African Caribbean people with type 1 diabetes are at 39% greater risk of developing sight-threatening diabetic retinopathy, which if untreated can lead to blindness.
The paper, published today in Diabetes Care and led by researchers from King’s, adds much needed evidence to show the relationship between ethnicity and type 1 diabetes-related retinopathy.
Diabetic retinopathy is caused by high blood sugar levels damaging the retina, which is located at the back of the eye. It can take years for diabetic retinopathy to threaten eyesight if not diagnosed and treated. Diabetic retinopathy is the leading cause of blindness in working age people in the UK and many other countries.
The study followed a diverse population group from South London over six years who had type 1 diabetes but no signs of retinopathy. By the end of study, they found African Caribbean ethnicity is a risk factor for sight-threatening diabetic retinopathy, even when adjusted for traditional risk predictors such glucose control and blood pressure as well as socioeconomic status.

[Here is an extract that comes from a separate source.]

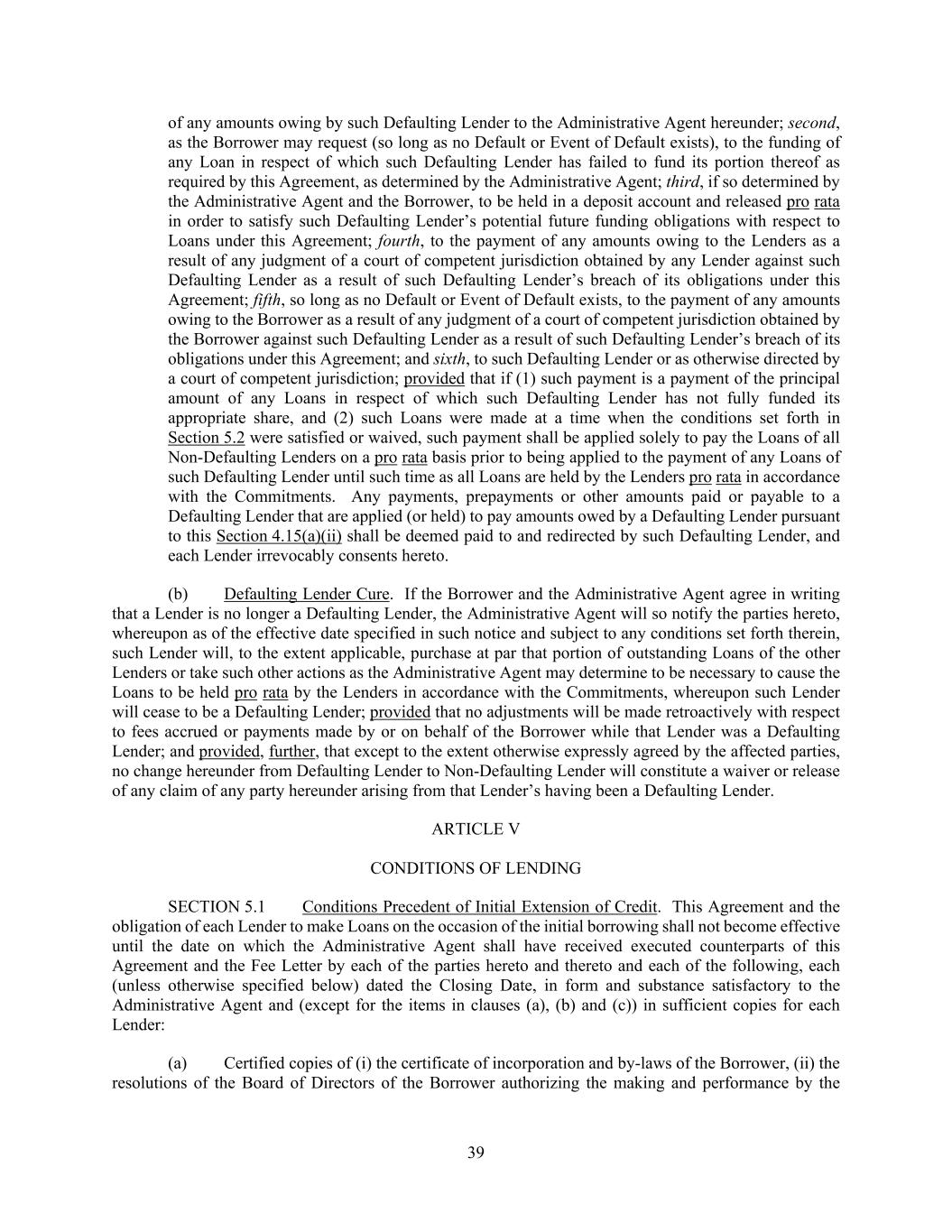 39 of any amounts owing by such Defaulting Lender to the Administrative Agent hereunder; second, as the Borrower may request (so long as no Default or Event of Default exists), to the funding of any Loan in respect of which such Defaulting Lender has failed to fund its portion thereof as required by this Agreement, as determined by the Administrative Agent; third, if so determined by the Administrative Agent and the Borrower, to be held in a deposit account and released pro rata in order to satisfy such Defaulting Lender’s potential future funding obligations with respect to Loans under this Agreement; fourth, to the payment of any amounts owing to the Lenders as a result of any judgment of a court of competent jurisdiction obtained by any Lender against such Defaulting Lender as a result of such Defaulting Lender’s breach of its obligations under this Agreement; fifth, so long as no Default or Event of Default exists, to the payment of any amounts owing to the Borrower as a result of any judgment of a court of competent jurisdiction obtained by the Borrower against such Defaulting Lender as a result of such Defaulting Lender’s breach of its obligations under this Agreement; and sixth, to such Defaulting Lender or as otherwise directed by a court of competent jurisdiction; provided that if (1) such payment is a payment of the principal amount of any Loans in respect of which such Defaulting Lender has not fully funded its appropriate share, and (2) such Loans were made at a time when the conditions set forth in Section 5.2 were satisfied or waived, such payment shall be applied solely to pay the Loans of all Non-Defaulting Lenders on a pro rata basis prior to being applied to the payment of any Loans of such Defaulting Lender until such time as all Loans are held by the Lenders pro rata in accordance with the Commitments. Any payments, prepayments or other amounts paid or payable to a Defaulting Lender that are applied (or held) to pay amounts owed by a Defaulting Lender pursuant to this Section 4.15(a)(ii) shall be deemed paid to and redirected by such Defaulting Lender, and each Lender irrevocably consents hereto. (b) Defaulting Lender Cure. If the Borrower and the Administrative Agent agree in writing that a Lender is no longer a Defaulting Lender, the Administrative Agent will so notify the parties hereto, whereupon as of the effective date specified in such notice and subject to any conditions set forth therein, such Lender will, to the extent applicable, purchase at par that portion of outstanding Loans of the other Lenders or take such other actions as the Administrative Agent may determine to be necessary to cause the Loans to be held pro rata by the Lenders in accordance with the Commitments, whereupon such Lender will cease to be a Defaulting Lender; provided that no adjustments will be made retroactively with respect to fees accrued or payments made by or on behalf of the Borrower while that Lender was a Defaulting Lender; and provided, further, that except to the extent otherwise expressly agreed by the affected parties, no change hereunder from Defaulting Lender to Non-Defaulting Lender will constitute a waiver or release of any claim of any party hereunder arising from that Lender’s having been a Defaulting Lender. ARTICLE V CONDITIONS OF LENDING SECTION 5.1 Conditions Precedent of Initial Extension of Credit. This Agreement and the obligation of each Lender to make Loans on the occasion of the initial borrowing shall not become effective until the date on which the Administrative Agent shall have received executed counterparts of this Agreement and the Fee Letter by each of the parties hereto and thereto and each of the following, each (unless otherwise specified below) dated the Closing Date, in form and substance satisfactory to the Administrative Agent and (except for the items in clauses (a), (b) and (c)) in sufficient copies for each Lender: (a) Certified copies of (i) the certificate of incorporation and by-laws of the Borrower, (ii) the resolutions of the Board of Directors of the Borrower authorizing the making and performance by the

The study also found the African Caribbean and the Caucasian group, which had the least risk, attended the same number of eye screenings.
Researchers warn that more thorough eye exams are needed for at-risk groups.
We undertook this study because there is no previous studies in people with type 1 diabetes of the potential impact of ethnicity on diabetic retinopathy. Our novel observation that people with type 1 diabetes of African Caribbean ethnicity are at 39% greater risk of sight threating retinopathy independent of conventional risk factors suggests that enhanced retinal surveillance and risk factor control may be needed in such higher risk groups.– Dr Janaka Karalliedde, Clinical Reader in Diabetes and Cardiovascular Diseasenone
Hilary Nathan policy director at JDRF, the type 1 diabetes charity said ‘Sight loss is devastating. This is important research because it helps us begin to understand how rates of type 1 diabetes disease progression can be more aggressive across different ethnicity patient populations. Findings like these can help evidence and design more personalised treatment pathways helping to prevent sight loss and disability.”
Miss Evelyn Mensah, Clinical Lead for Ophthalmology at London North West University Healthcare NHS Trust, who was not involved in the study, said: “Since the Covid-19 pandemic, there has been sharp focus on the ethnic health inequalities that currently exist. Previous studies have traditionally aggregated non-white ethnic groups into Black, Asian and minority ethnic. Identifying that the risk of sight threatening diabetic retinopathy is 39% greater in African Caribbean people is a shocking finding. Evidence suggests racial differences in central retinal thickness (CRT) measurements where the CRT is thinner in Black people compared to their white counterparts. This means more fluid would be required in a thinner macula compared to a thicker macula to be eligible for NICE approved intravitreal anti-VEGF treatments.
“In addition, data from the Diabetic Retinopathy Clinical Research (DRCR) Retina Network clinical trials suggests underrepresentation in the enrolment of Black participants compared with the expected disease burden and racial distribution of diabetic retinopathy. The work by King’s College London researchers is a significant contribution to the body of evidence that health inequalities exist for Black people with Type 1 diabetes. Further analysis is required to determine the reasons why this disparity exists.”
The study was funded by Guy’s & St Thomas’ Charity and involved academics and clinicians from King’s Health Partners.